Segment Start: SOURCE MATERIAL

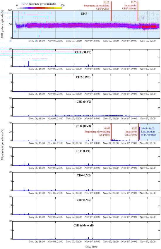 Figure 4 presents the results of UHF signal and acoustic emission (AE) recordings obtained simultaneously by eight AE transducers mounted on the tank of the tested transformer. Both systems were activated on 17 October 2023, at 3:00 p.m., and from the moment of activation, a high intensity of PD was observed. In the case of PD testing using the AE method, the maximum number of pulses recorded by the CH1 transducer, positioned near the on-load tap changer, was 4660 pulses per minute, representing approximately 60% of the measurement channel capacity. During the first two days of operation of the monitoring system, moderate intensity AE pulses were also recorded by the CH5 transducer, installed near the L1 phase on the low-voltage side. The remaining AE transducers either did not register any pulses or recorded pulses of low intensity. In the case of PD testing using the UHF method, the system recorded numerous pulses with very high amplitudes, reaching 90% of the maximum value of the measurement range. Periods of high and moderate AE and UHF pulse activity predominated in the monitored transformer, while instances of complete signal loss were observed extremely rarely. It is noteworthy that the periods of highest AE and UHF pulse activity largely overlapped, suggesting that their common source was a defect in the insulation system generating PDs.
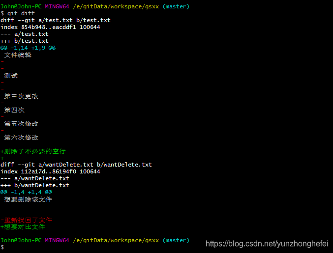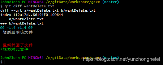 编辑wantDelete.txt 文件,删除一行,增加一行之后,使用diff对比该文件:
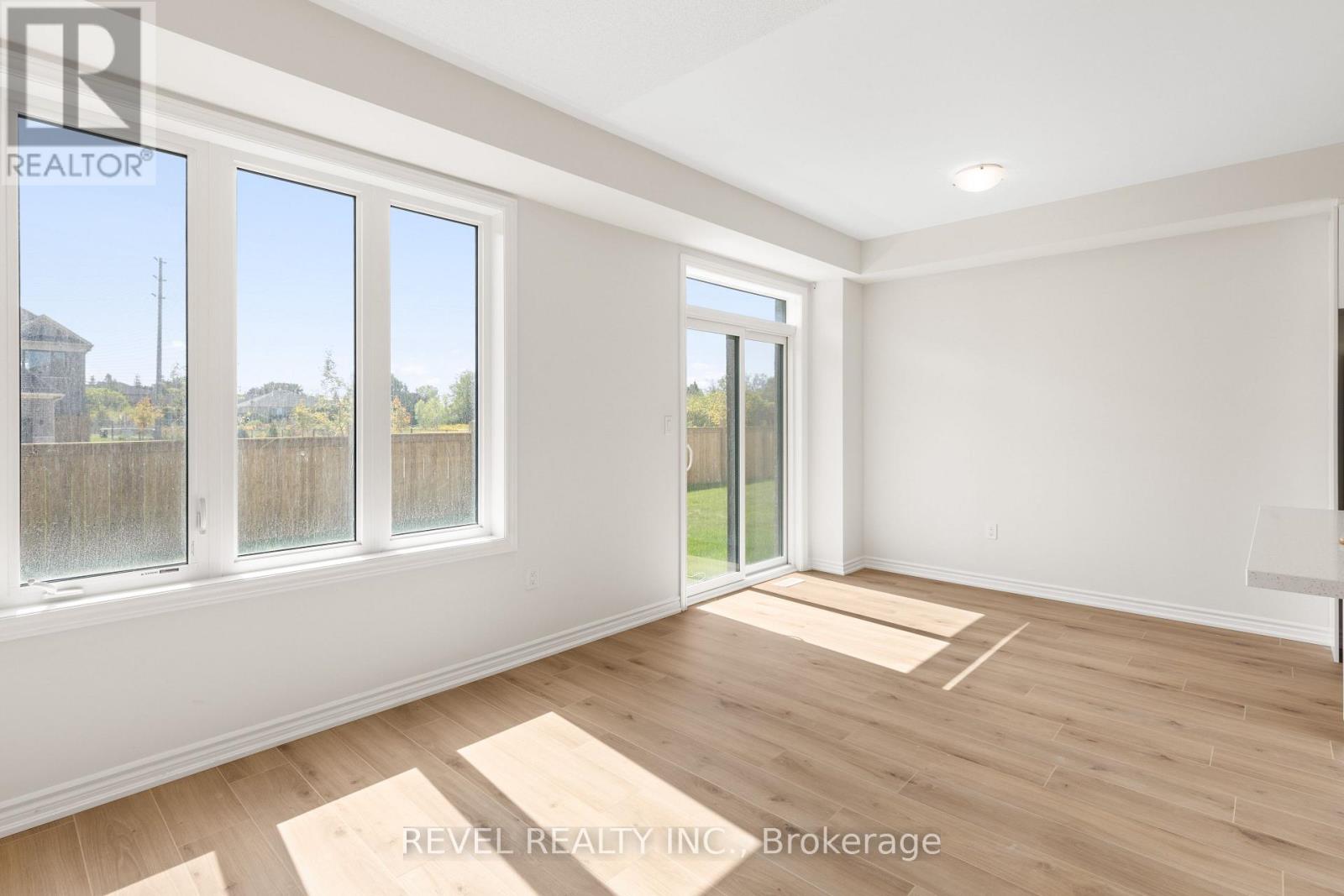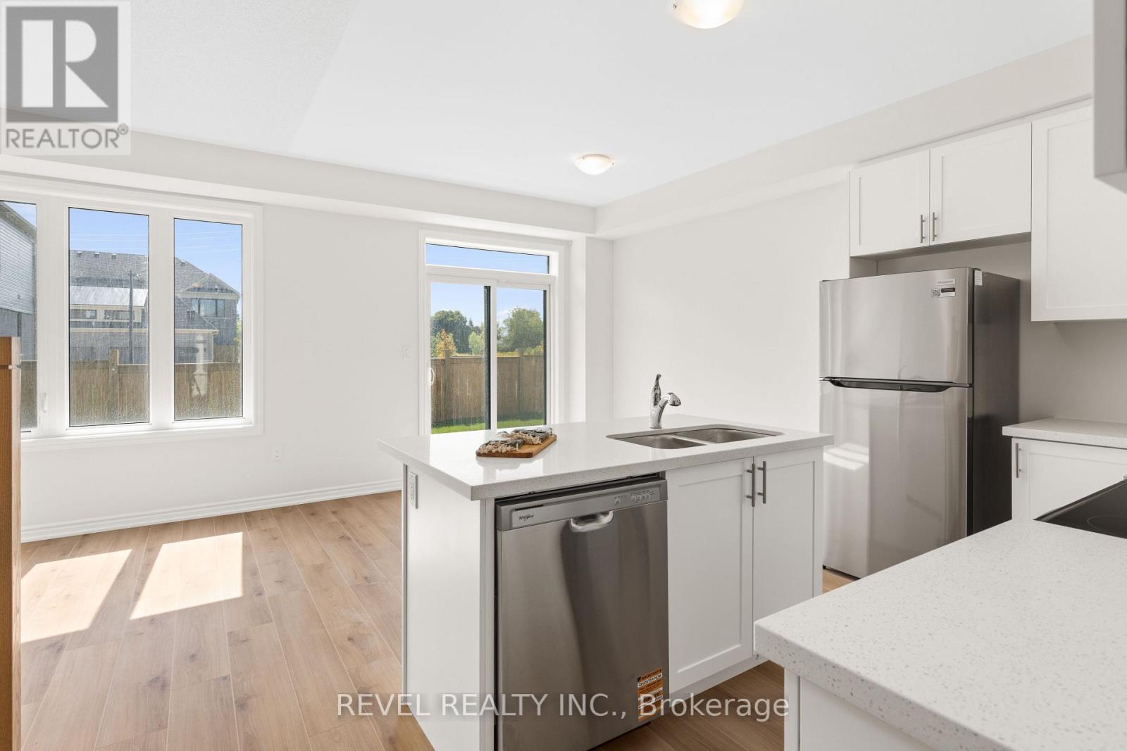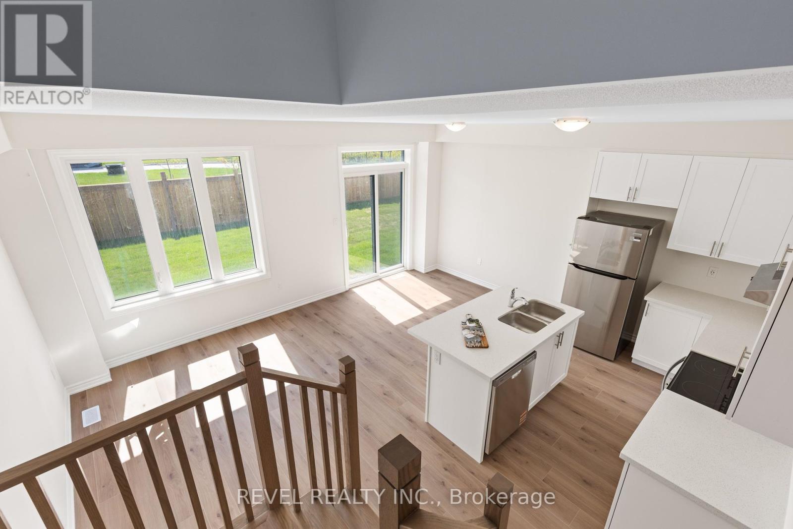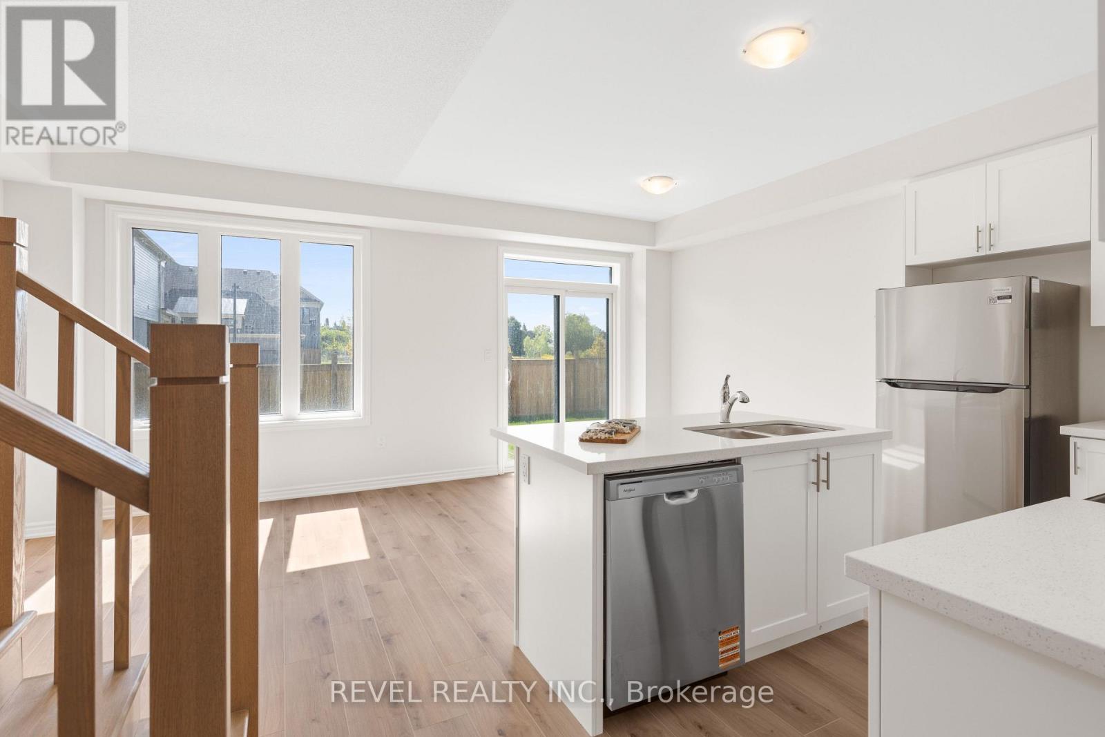 Welcome To 38 Hickey Lane, Lindsay. Make this brand-new executive-style townhouse community your home in Lindsays desirable North Ward! Built in 2025 Hygge development, this stylish end-unit offers both modern convenience and timeless curb appeal. Bright, open-concept main floor features a white kitchen, dining area, and spacious living room with powder room. Step through the walkout to enjoy your private backyard perfect for relaxing evenings or playful days. Upper level features a primary suite with its own ensuite bath, while two additional bedrooms share a full guest bathroom. Lower level is unspoiled for plenty of storage, laundry & utility. One car attached garage, paved driveway & the bonus of grass already provided. Close distance to Hospitals, shopping, schools, parks & Lindsay river. A+ Credit Score, References, Employment Letter To Be Provided For All Showings & Applications. (id:61423)

Segment End: SOURCE MATERIAL

WHAT TO DO — Every line from the start of the material through the line holding "编辑wantDelete.t" must be returned exactly, and the pictures must not.

RESPONSE —
 Figure 4 presents the results of UHF signal and acoustic emission (AE) recordings obtained simultaneously by eight AE transducers mounted on the tank of the tested transformer. Both systems were activated on 17 October 2023, at 3:00 p.m., and from the moment of activation, a high intensity of PD was observed. In the case of PD testing using the AE method, the maximum number of pulses recorded by the CH1 transducer, positioned near the on-load tap changer, was 4660 pulses per minute, representing approximately 60% of the measurement channel capacity. During the first two days of operation of the monitoring system, moderate intensity AE pulses were also recorded by the CH5 transducer, installed near the L1 phase on the low-voltage side. The remaining AE transducers either did not register any pulses or recorded pulses of low intensity. In the case of PD testing using the UHF method, the system recorded numerous pulses with very high amplitudes, reaching 90% of the maximum value of the measurement range. Periods of high and moderate AE and UHF pulse activity predominated in the monitored transformer, while instances of complete signal loss were observed extremely rarely. It is noteworthy that the periods of highest AE and UHF pulse activity largely overlapped, suggesting that their common source was a defect in the insulation system generating PDs.
 编辑wantDelete.txt 文件,删除一行,增加一行之后,使用diff对比该文件:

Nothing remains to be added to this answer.